Hannah and Elijah, both Desert Vista alumni, had both flown in to be at their father’s hospital bedside – she from London where she was enrolled in a Christian Fashion internship and he from Kona, Hawaii, cutting short a Bible School program one week short of his completion.
Ervin’s mother, Linda Butts, flew from Virginia to be with her son.
Only weeks later, Ervin is back at home with his wife and three children, Hannah, Elijah and Noah Ervin, a Desert Vista senior.
“I have no brain damage or any other major issues. They put a small stint in my heart. All of the doctors, nurses and medical staff are calling me “Miracle Man”. They absolutely can’t believe the amazing progress that I made in such a short time,” he said.
His progress, following the major heart attack and the 40 minutes without a pulse, continued to be miraculous.

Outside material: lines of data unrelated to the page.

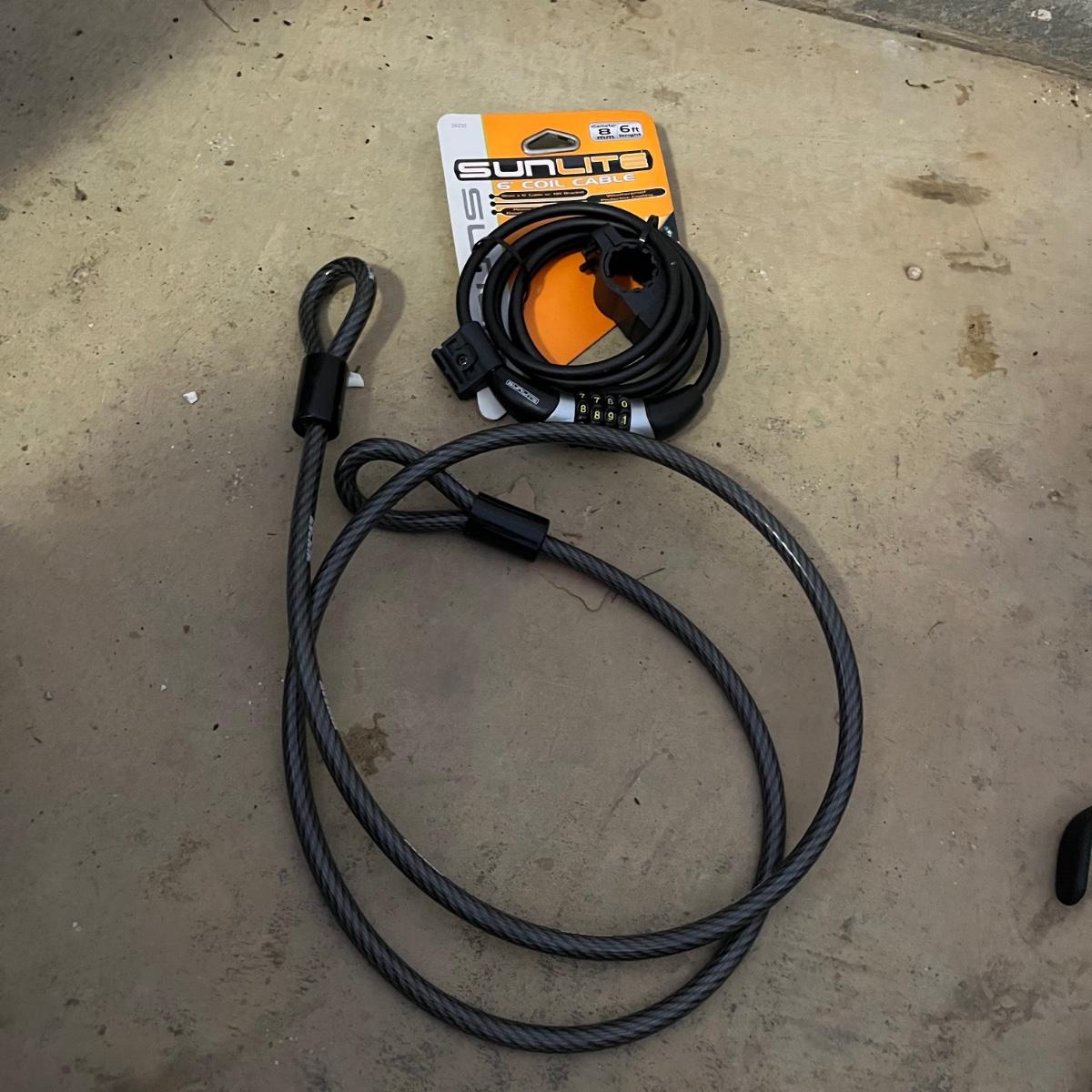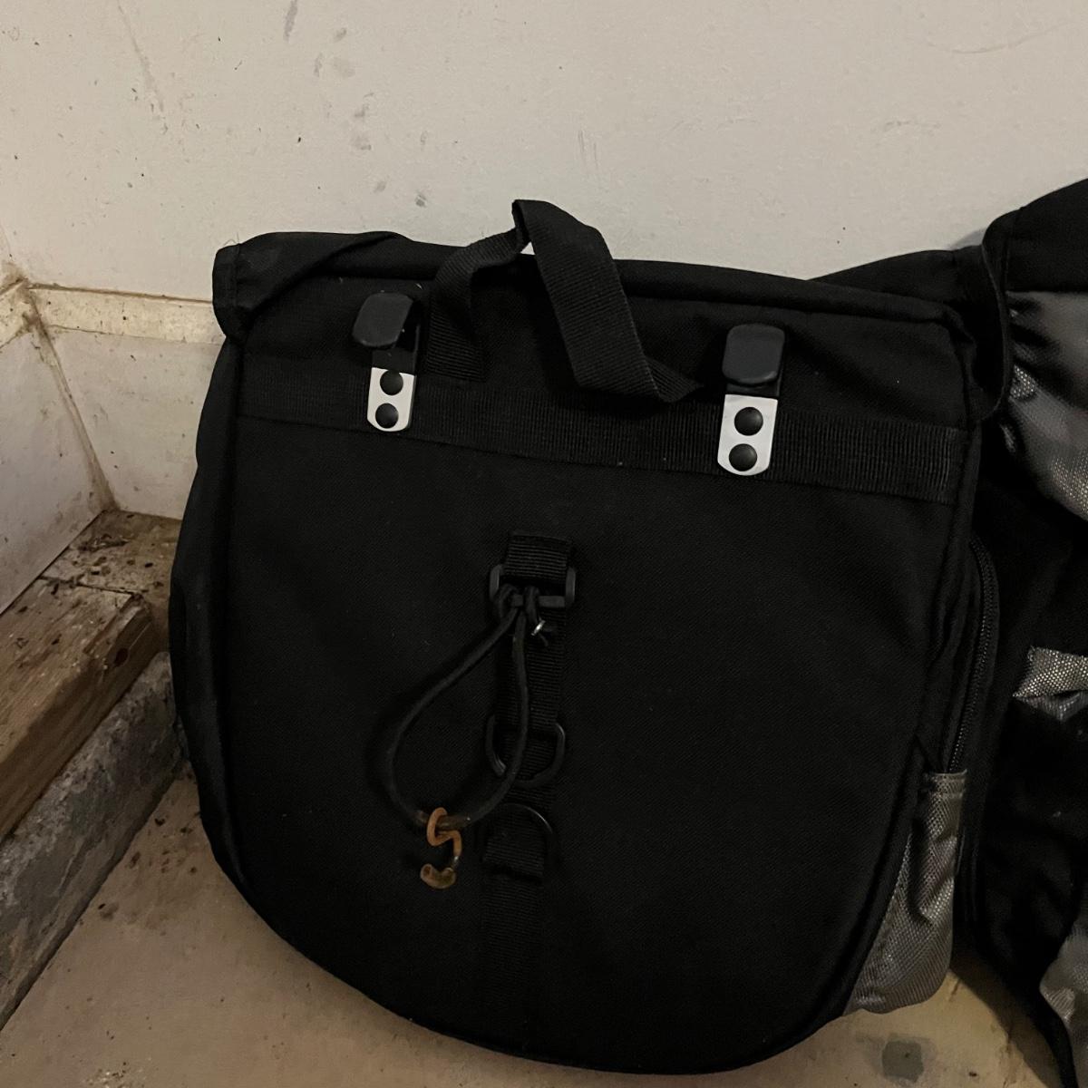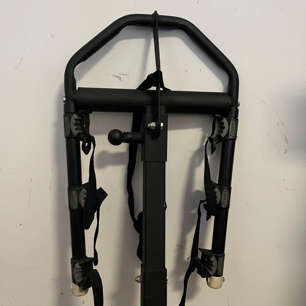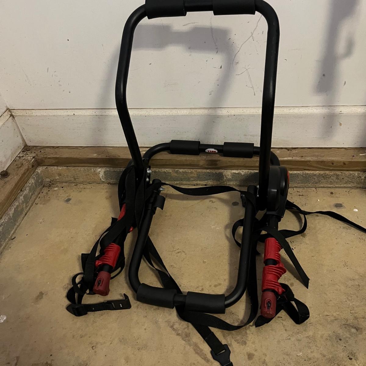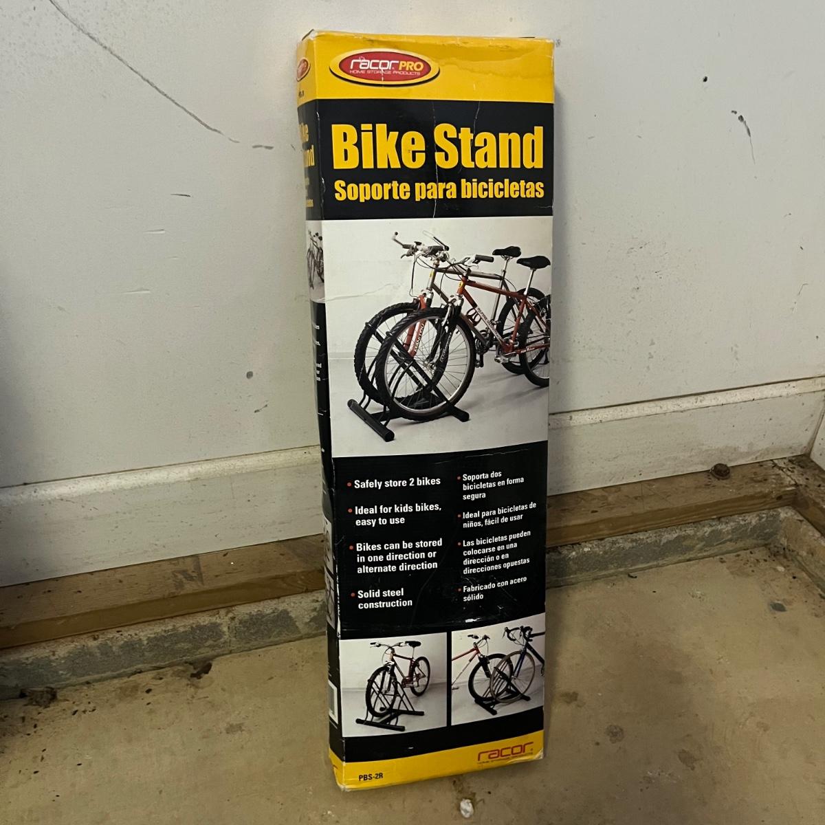 Lot includes bike stand, Allen three bicycle receiver hitch bike rack, Bell bike rack, Giant air pump, Sunlite panniers and rack bag, lock and more.
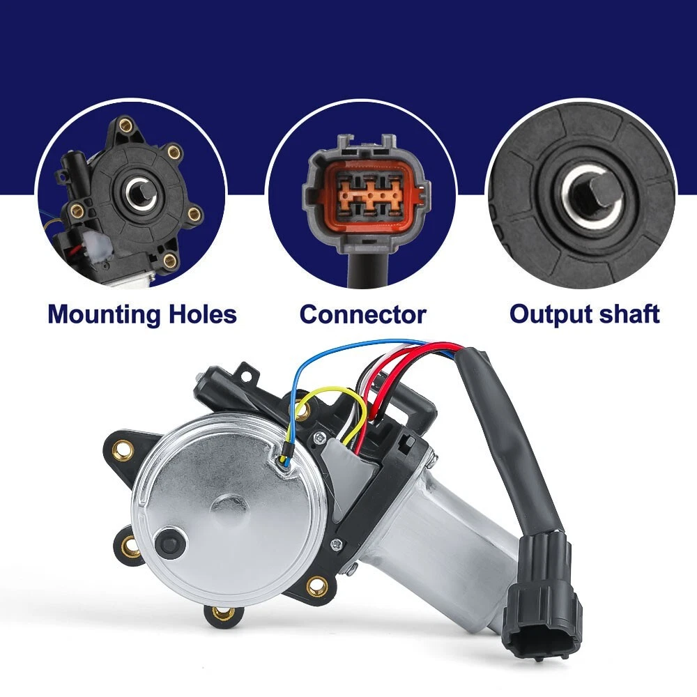 Voltage:12VMounting Type:M6 Threaded HoleSuperseded Part Number:80730-ZP80A, 80731-EA500Anti-Clip Function Included:with Anti-clipPlacement on Vehicle:Front Left, Front RightBrand:DCKING MOTOROther Part Number2:80730-ZP80A,80731-EA500Type:Window MotorOutput shaft:10*10 square shaftShaft Included:YesWindow Motor Use Location:Front Right Passenger SideApplicable Regions:Window Motors & PartsMount Hole Quantity:5Model:PathfinderWire Quantity:6Fitment Type:Direct ReplacementRegulator Included:NoOther Part Number3:471391,47-1391,821391,82-1391,742529,742-529Interchange Part Number:82-1390, 82-1391Terminal Quantity:6-pin plugYear:2007-2012Manufacturer Warranty:1-year unlimited-mileage warrantyOther Part Number1:471390,47-1390,821390,82-1390,742530,742-530Manufacturer Part Number:47-1390, 742-530, 47-1391, 742-529OE/OEM Part Number:80730ZP80A, 80731EA500Compatible Makes:Nissan
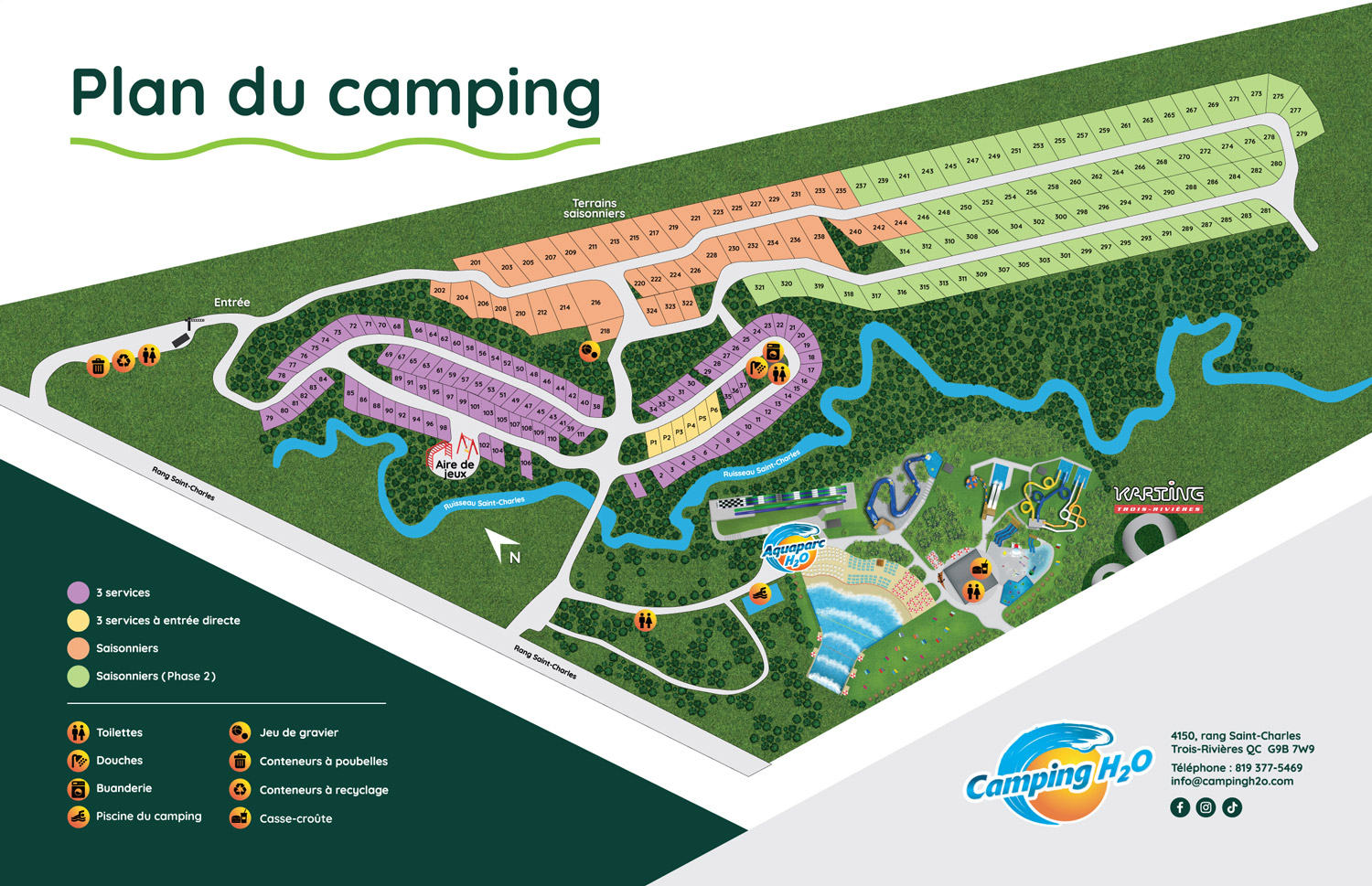 Utiliser la carte du site pour choisir l’emplacement qui vous conviendra le mieux. Vous y trouverai également l’emplacement des différents services.
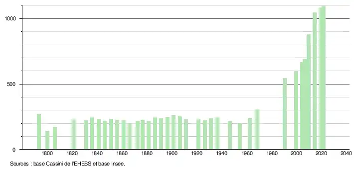 L'évolution du nombre d'habitants est connue à travers les recensements de la population effectués dans la commune depuis 1793. Pour les communes de moins de 10 000 habitants, une enquête de recensement portant sur toute la population est réalisée tous les cinq ans, les populations légales des années intermédiaires étant quant à elles estimées par interpolation ou extrapolation[21]. Pour la commune, le premier recensement exhaustif entrant dans le cadre du nouveau dispositif a été réalisé en 2004[22].

“Although I’d made extraordinary progress and beat all of the medical odds, the only thing that was still a problem was that my kidneys were not functioning. So even though I’ve been out of the hospital since July 1st, I still have to go for dialysis three times per week. I believe now that my kidneys are starting to work,” he said optimistically.
Ervin says every day is a gift, and a true miracle.
“I am thankful that God wasn’t finished with me here on earth and used me to demonstrate his miracle working power,” he said, adding:
“Even all of the doctors and nurses acknowledged that this was a miracle because they did all that they could, but nothing that they did would have kept me from being on life support for an extended amount of time. For sure, nothing that they did could have prevented my brain from being severely damaged, except for a miracle.”
Ervin, who at 6’3” kept himself in great shape by working out regularly and maintaining an active schedule of speaking and ministry, knew it would take time to get back to his prior routine.
“Yes, this has been a big wake up call to the fact that life is precious. I always knew that none of us are promised tomorrow, but going through this really makes you reevaluate your life and what’s really important,” he said pensively.
“It also makes you appreciate the little things in life that we take for granted. Going through this I also have a great level of empathy for those that are going through health challenges.”
Ervin and his wife will continue their leadership in their church, as they are able, working with their church’s college age students.
Their community involvement in outreach programs for the needy – school backpack drives, Thanksgiving Food Box and Angel Tree Christmas drives, remain on their calendars.